Robert Plenge, chief research officer of Bristol Myers Squibb, echoed this sentiment, emphasizing that the ultimate goal is to deliver the best possible medicines to patients, regardless of their origin. “If you’re a patient wanting to receive the best possible medicine as quickly as possible, I feel having innovation across the globe is the best possible outcome,” Plenge stated. Stelios Papadopoulos, board chair of Exelixis, also downplayed the idea of China as a threat, noting the presence of “a lot of smart people” there.
CAR-T Cell Therapy: A Brief Overview
CAR-T cell therapy, or chimeric antigen receptor T-cell therapy, is a type of immunotherapy that reprograms a patient’s own immune cells to recognize and attack cancer cells. It has shown remarkable success in treating certain blood cancers, but has faced challenges in treating solid tumors, which represent the vast majority of cancer cases. HIT cells, a newer type of cell therapy developed by Sadelain’s team at Columbia, are designed to overcome some of these challenges by enhancing the sensitivity of the immune cells. A recent study published in Science showed that HIT cells could completely eliminate kidney, pancreatic, and ovarian cancers in mice. (Columbia University News report on HIT cell therapy)

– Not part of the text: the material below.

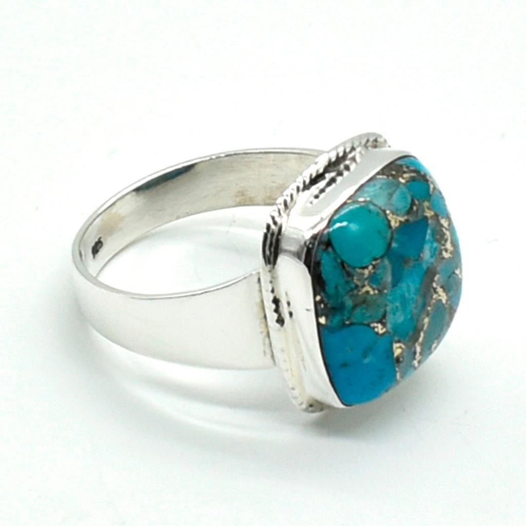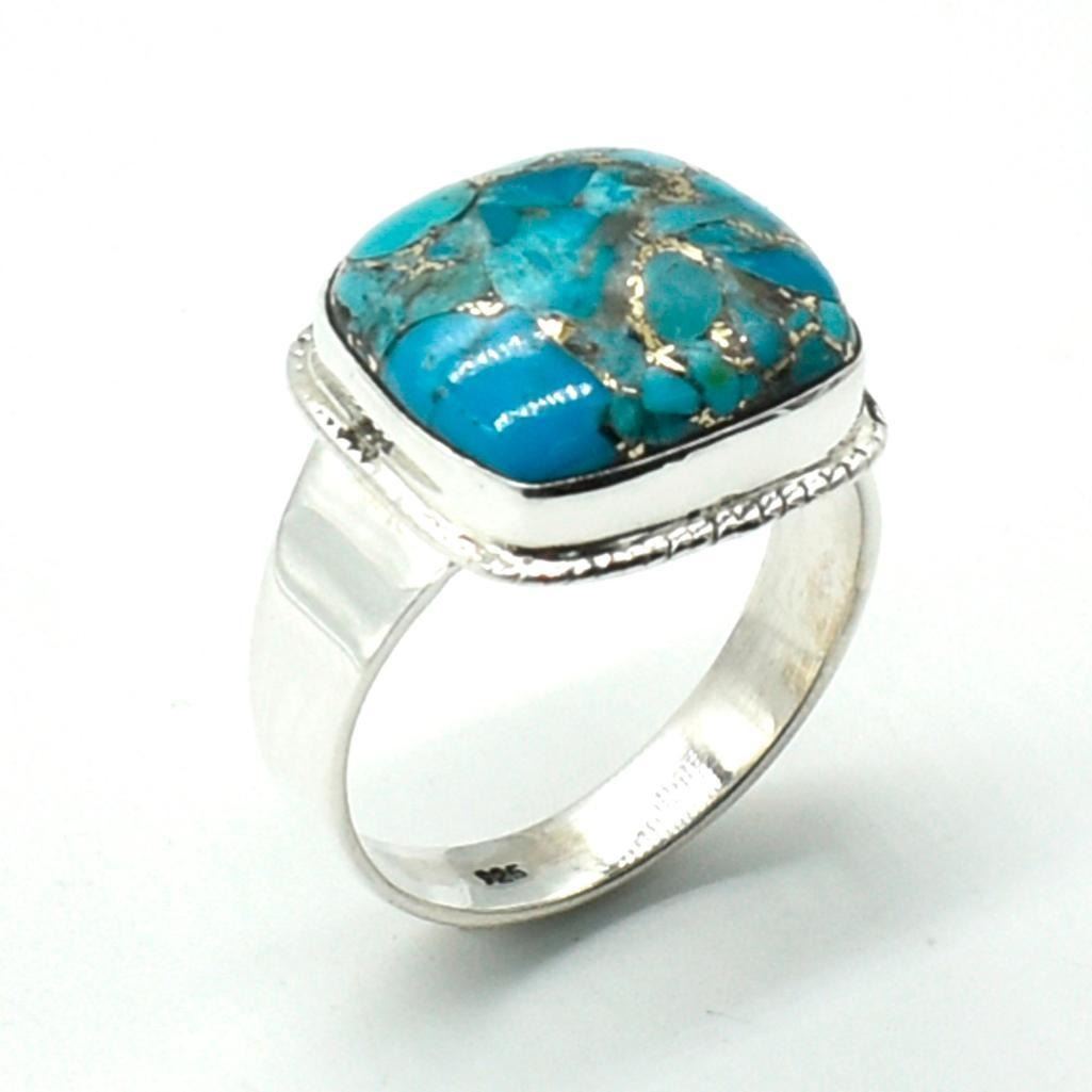 Silver Blue Copper Turquoise(9.2ct) Hand Made Mens Ring Ring (~weight 6.95g)

What’s Next for Cell and Gene Therapy?
The evolving landscape of cell and gene therapy development highlights the need for ongoing evaluation and adaptation. The U.S. Food and Drug Administration (FDA) continues to refine its regulatory pathways for these innovative therapies, balancing the need for safety and efficacy with the desire to accelerate access for patients. Further research is needed to address the challenges of treating solid tumors and to improve the affordability and accessibility of these potentially life-changing treatments. The success of in vivo CAR T cell therapies, which modify T cells directly within the patient’s body, is also being closely watched, with several companies currently running Phase 1 clinical trials. (Drug Discovery News report on in vivo CAR T cell trials)
the global fight against cancer will likely benefit from a collaborative approach, leveraging the strengths of researchers and innovators from around the world. As Plenge emphasized, the focus should remain on delivering the best possible medicines to patients, wherever those medicines may originate.